--- Data excerpts Enclosed Below ---
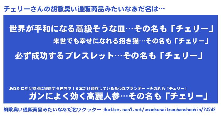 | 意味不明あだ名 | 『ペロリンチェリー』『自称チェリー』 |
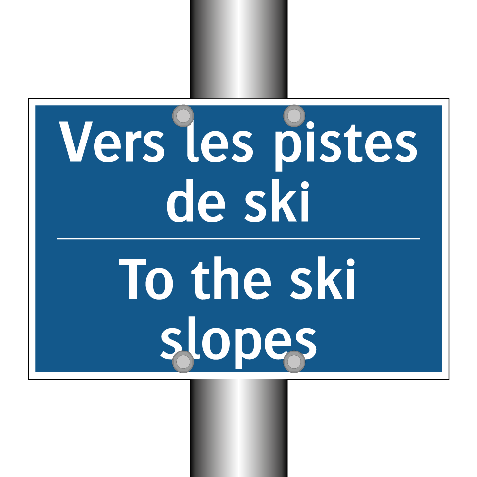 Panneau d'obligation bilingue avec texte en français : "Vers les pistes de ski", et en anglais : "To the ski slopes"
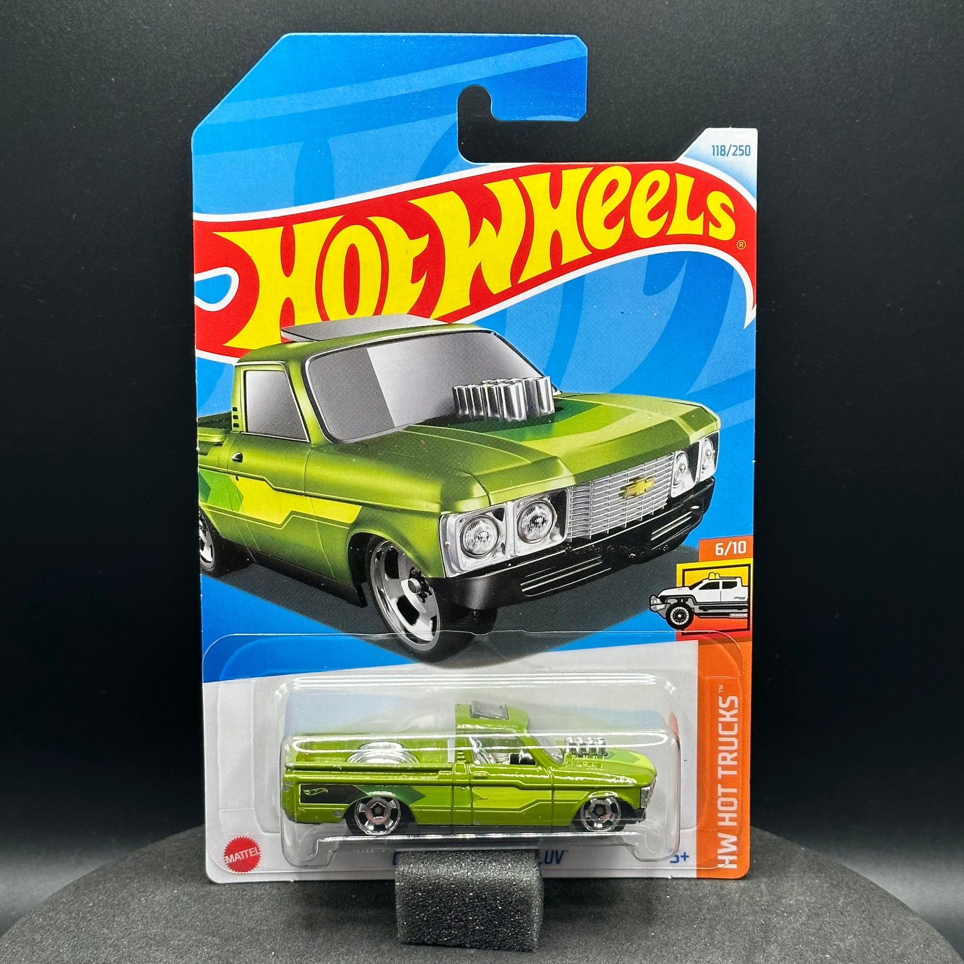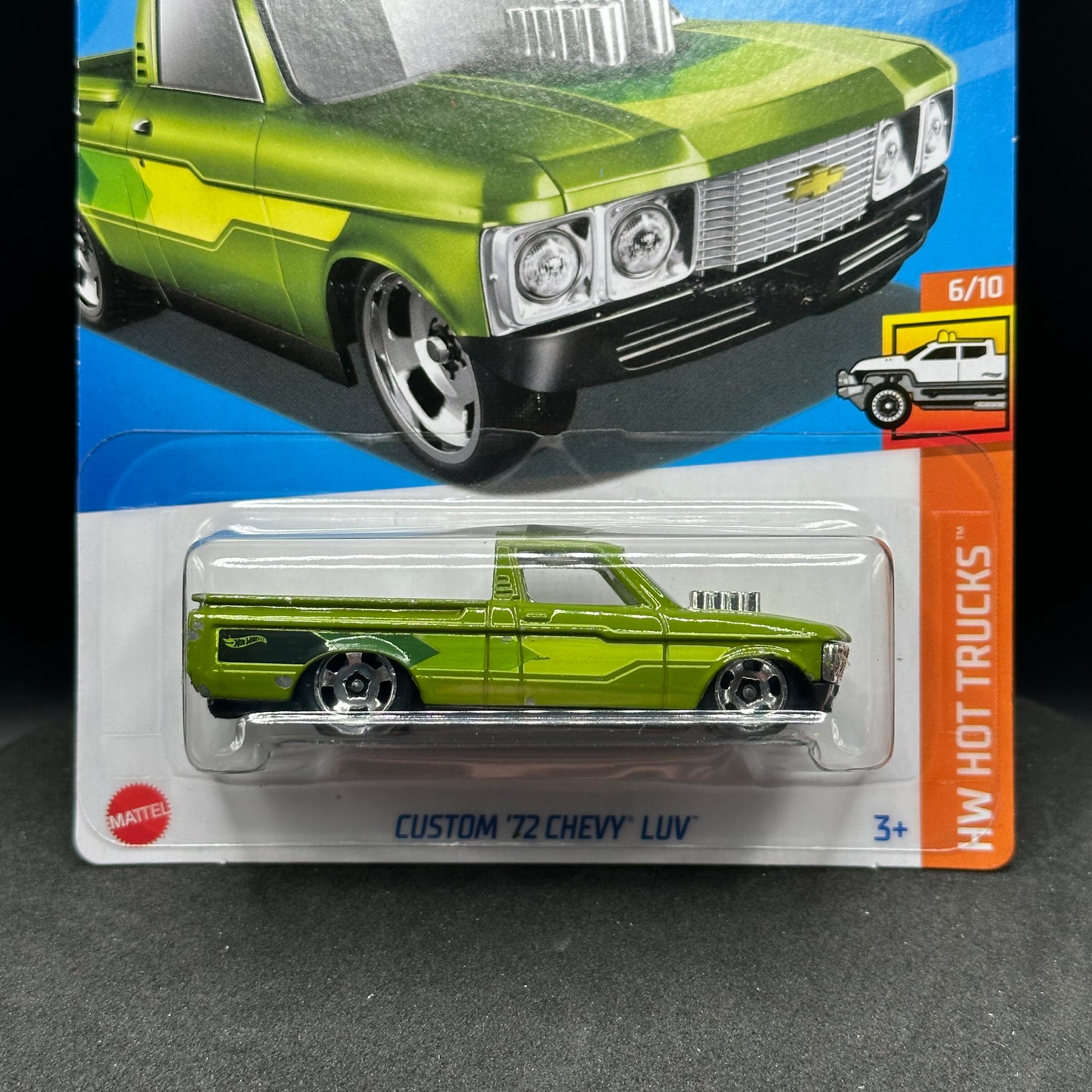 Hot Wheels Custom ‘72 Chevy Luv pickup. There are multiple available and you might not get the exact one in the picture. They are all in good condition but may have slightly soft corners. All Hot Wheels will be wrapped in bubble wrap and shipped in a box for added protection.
--- End of Enclosed Data excerpts ---
--- Data excerpts Enclosed Below ---
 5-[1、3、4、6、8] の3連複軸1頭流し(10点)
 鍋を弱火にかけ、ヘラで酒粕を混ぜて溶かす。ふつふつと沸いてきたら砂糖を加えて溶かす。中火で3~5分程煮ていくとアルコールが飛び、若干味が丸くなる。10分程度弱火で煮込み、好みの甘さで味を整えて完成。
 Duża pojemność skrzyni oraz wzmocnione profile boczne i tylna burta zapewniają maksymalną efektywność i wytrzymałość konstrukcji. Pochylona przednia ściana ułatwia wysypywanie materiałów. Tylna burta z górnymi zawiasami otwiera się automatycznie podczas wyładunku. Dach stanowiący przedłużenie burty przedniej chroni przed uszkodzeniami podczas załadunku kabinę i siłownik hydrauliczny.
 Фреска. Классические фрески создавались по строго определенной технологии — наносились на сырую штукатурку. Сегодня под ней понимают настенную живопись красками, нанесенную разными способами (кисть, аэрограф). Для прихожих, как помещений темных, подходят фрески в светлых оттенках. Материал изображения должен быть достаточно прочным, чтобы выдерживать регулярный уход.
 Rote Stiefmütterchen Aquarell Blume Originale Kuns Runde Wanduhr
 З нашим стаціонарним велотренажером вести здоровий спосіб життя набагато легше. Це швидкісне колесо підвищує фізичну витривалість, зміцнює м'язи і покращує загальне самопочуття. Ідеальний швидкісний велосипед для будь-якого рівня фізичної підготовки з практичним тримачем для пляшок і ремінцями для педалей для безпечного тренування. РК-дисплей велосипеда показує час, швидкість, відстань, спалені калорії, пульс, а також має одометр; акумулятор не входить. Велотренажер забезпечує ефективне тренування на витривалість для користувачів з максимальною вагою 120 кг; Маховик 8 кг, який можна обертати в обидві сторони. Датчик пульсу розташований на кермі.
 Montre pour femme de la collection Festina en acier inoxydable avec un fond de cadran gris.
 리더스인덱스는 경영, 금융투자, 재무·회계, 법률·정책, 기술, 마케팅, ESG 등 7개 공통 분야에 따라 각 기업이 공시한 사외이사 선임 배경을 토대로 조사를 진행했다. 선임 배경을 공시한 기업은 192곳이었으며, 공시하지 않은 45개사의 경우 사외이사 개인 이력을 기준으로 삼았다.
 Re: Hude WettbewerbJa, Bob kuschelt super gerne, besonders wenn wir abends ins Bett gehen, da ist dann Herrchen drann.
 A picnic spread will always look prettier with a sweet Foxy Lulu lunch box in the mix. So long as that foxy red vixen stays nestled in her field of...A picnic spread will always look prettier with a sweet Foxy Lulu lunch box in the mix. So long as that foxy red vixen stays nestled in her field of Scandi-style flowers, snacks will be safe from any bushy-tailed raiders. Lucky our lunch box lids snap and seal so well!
--- End of Enclosed Data excerpts ---
What needs to be done
The material above holds pictures; leave them out. Repeat exactly the lines from the one containing "Panneau d'obligation bilingue" through the one containing "Hot Wheels Custom", and nothing else.

Solution below
 Panneau d'obligation bilingue avec texte en français : "Vers les pistes de ski", et en anglais : "To the ski slopes"
 Hot Wheels Custom ‘72 Chevy Luv pickup. There are multiple available and you might not get the exact one in the picture. They are all in good condition but may have slightly soft corners. All Hot Wheels will be wrapped in bubble wrap and shipped in a box for added protection.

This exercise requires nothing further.